-- Source material follows --

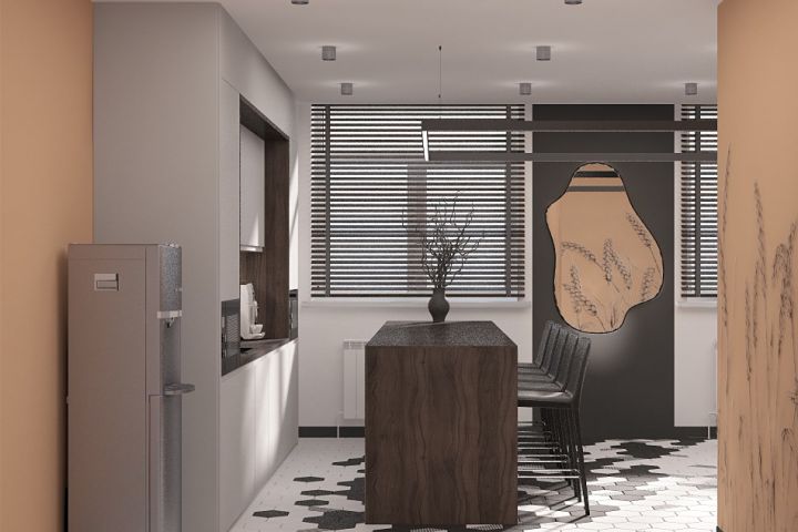 С помощью полубарной стойки и нескольких столов удалось как визуально разделить пространство комнаты на зоны, так и решить поставленную Заказчиком задачу.
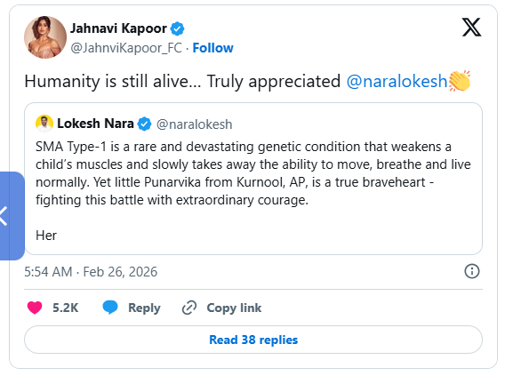 జాన్వీ కపూర్ చేసిన ఈ కామెంట్ ఇప్పుడు నెట్టింట తెగ వైరల్ అవుతోంది. ఒక చిన్నారి ప్రాణం కోసం పార్టీలకు అతీతంగా అందరూ కలిసి రావడం, ముఖ్యంగా ఒక బాధ్యతాయుతమైన పదవిలో ఉండి లోకేశ్ తీసుకున్న చొరవపై నెటిజన్లు సైతం "రియల్ హీరో" అంటూ కామెంట్లతో ముంచెత్తుతున్నారు.
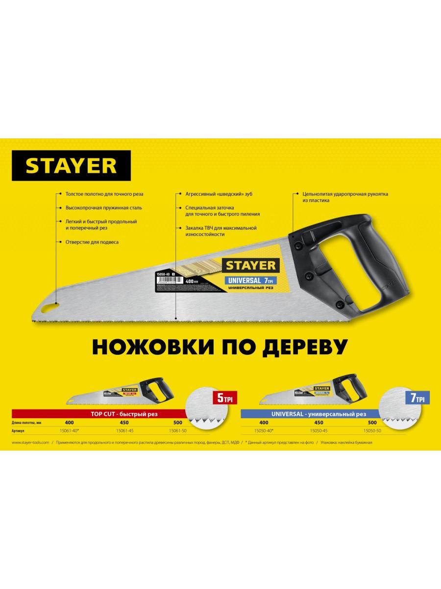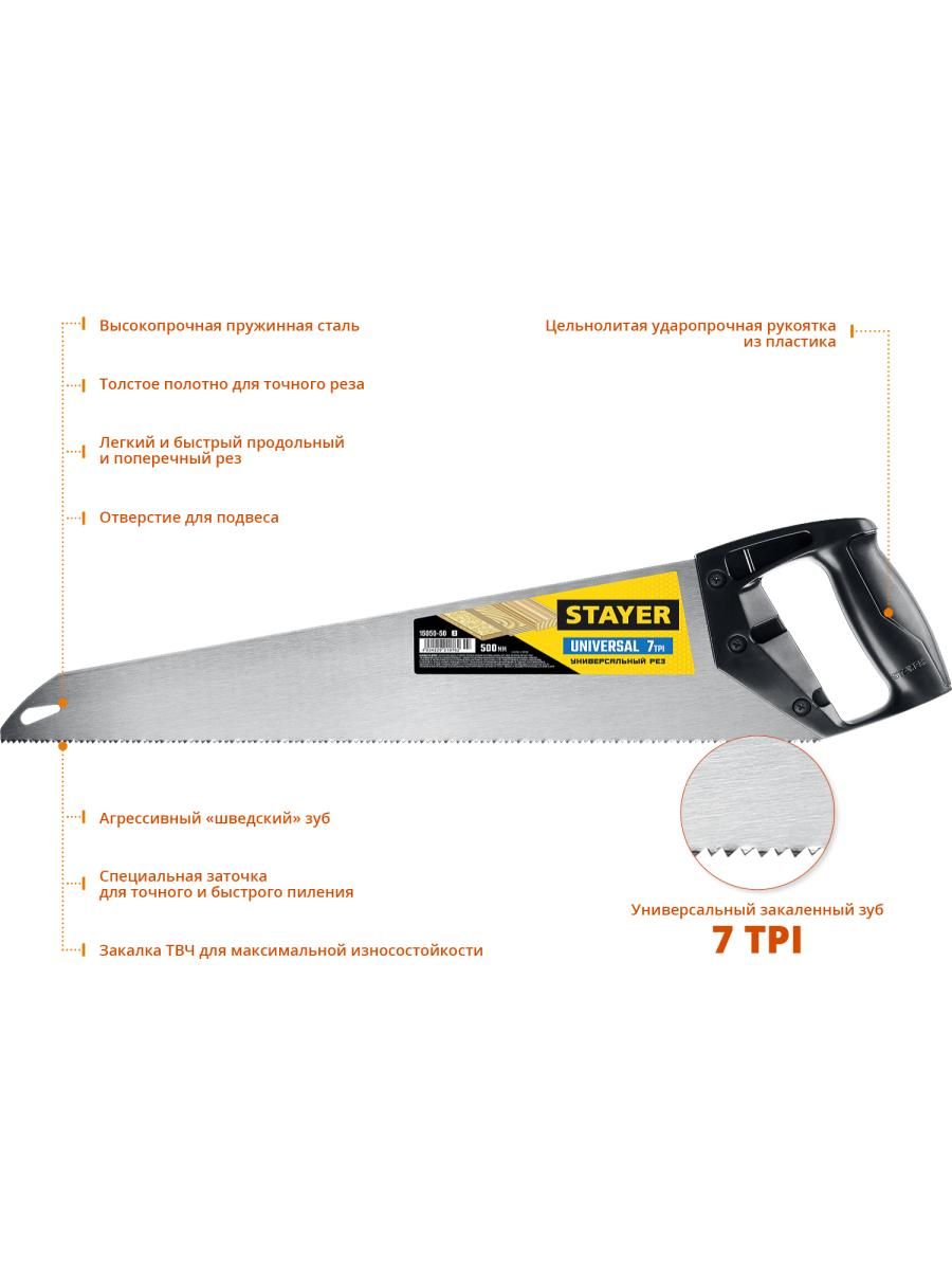 Ножовка с универсальными прямыми закаленными зубьями, остро заточенными с двух сторон, обеспечивает быстрый точный рез вдоль и поперек волокон, для средних заготовок, фанеры, ДСП, МДФ
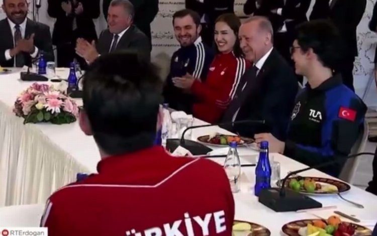 Erdoğan, 2024 Paris Olimpiyatlarına katılacak milli sporculardan madalya sözü aldı. Buluşma, Erdoğan ile sporcular arasındaki diyaloglar ve genç müzisyenlerin performansıyla renklendi.
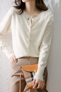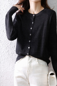 金银丝圆领开衫女长袖气质显瘦上衣设计感减龄法式小众薄款外搭
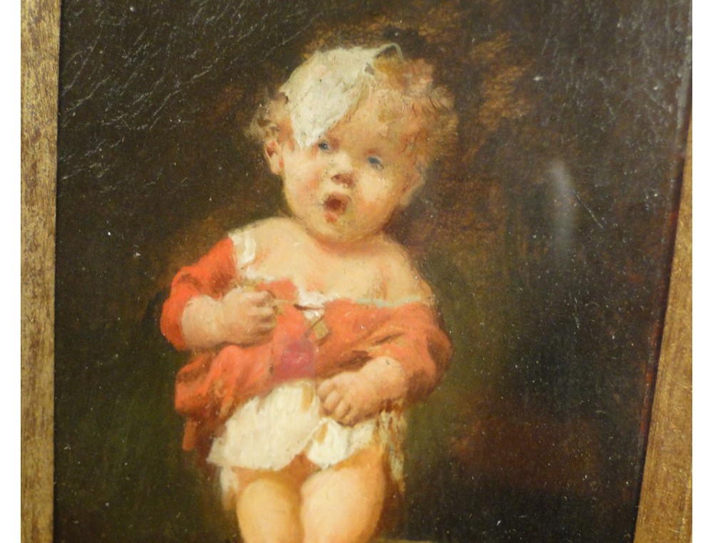 Oil on canvas depicting a fun for a young child to the pot after a pressing need Lanfant signed Metz * of XIXth century.
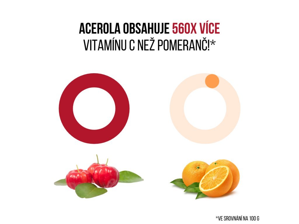 Vitamín C známe jako klíčový nutrient naší imunity. Jde o silný antioxidant, který hraje klíčovou roli v mnoha životně důležitých funkcích, včetně tvorby kolagenu, absorpce železa, udržení imunitního systému, hojení ran a udržení zdravých zubů a dásní. Navzdory jeho zásadnímu významu pro zdraví, tělo si samo vitamín C nevyrábí a neumí si jej ani ukládat, proto je nutné ho pravidelně doplňovat. Třešně Aceroly jsou nejbohatším přírodním zdrojem vitamínu C.
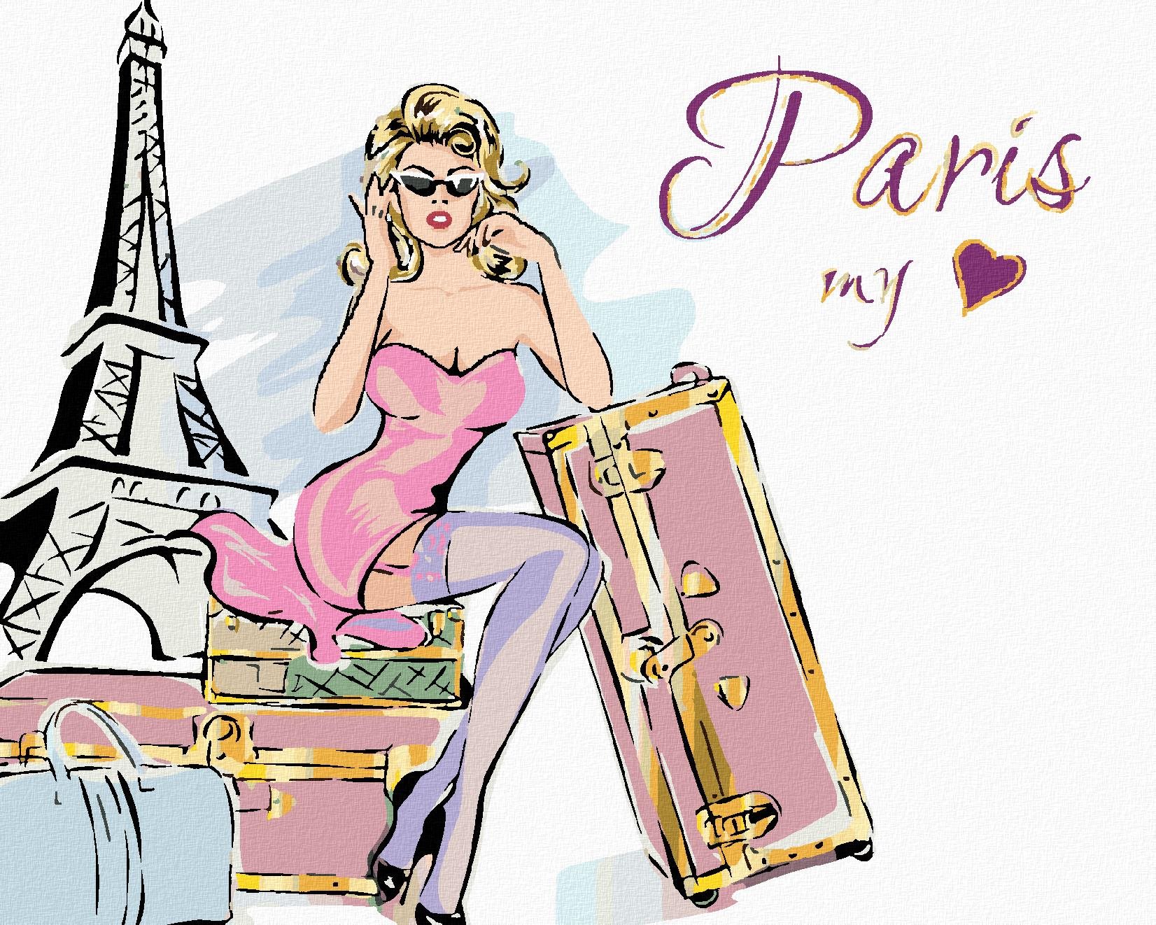 16,22 €Zuty – Maľovanie Podľa Čísel – Žena S Kuframi Pri Eiffelovej Veži, 80 × 100 cm, Plátno

-- Source material concluded --

• _Your objective_
Each line of the data above should be reproduced without alteration, and no picture should appear in the copy.

• _Reply to the task_
 С помощью полубарной стойки и нескольких столов удалось как визуально разделить пространство комнаты на зоны, так и решить поставленную Заказчиком задачу.
 జాన్వీ కపూర్ చేసిన ఈ కామెంట్ ఇప్పుడు నెట్టింట తెగ వైరల్ అవుతోంది. ఒక చిన్నారి ప్రాణం కోసం పార్టీలకు అతీతంగా అందరూ కలిసి రావడం, ముఖ్యంగా ఒక బాధ్యతాయుతమైన పదవిలో ఉండి లోకేశ్ తీసుకున్న చొరవపై నెటిజన్లు సైతం "రియల్ హీరో" అంటూ కామెంట్లతో ముంచెత్తుతున్నారు.
 Ножовка с универсальными прямыми закаленными зубьями, остро заточенными с двух сторон, обеспечивает быстрый точный рез вдоль и поперек волокон, для средних заготовок, фанеры, ДСП, МДФ
 Erdoğan, 2024 Paris Olimpiyatlarına katılacak milli sporculardan madalya sözü aldı. Buluşma, Erdoğan ile sporcular arasındaki diyaloglar ve genç müzisyenlerin performansıyla renklendi.
 金银丝圆领开衫女长袖气质显瘦上衣设计感减龄法式小众薄款外搭
 Oil on canvas depicting a fun for a young child to the pot after a pressing need Lanfant signed Metz * of XIXth century.
 Vitamín C známe jako klíčový nutrient naší imunity. Jde o silný antioxidant, který hraje klíčovou roli v mnoha životně důležitých funkcích, včetně tvorby kolagenu, absorpce železa, udržení imunitního systému, hojení ran a udržení zdravých zubů a dásní. Navzdory jeho zásadnímu významu pro zdraví, tělo si samo vitamín C nevyrábí a neumí si jej ani ukládat, proto je nutné ho pravidelně doplňovat. Třešně Aceroly jsou nejbohatším přírodním zdrojem vitamínu C.
 16,22 €Zuty – Maľovanie Podľa Čísel – Žena S Kuframi Pri Eiffelovej Veži, 80 × 100 cm, Plátno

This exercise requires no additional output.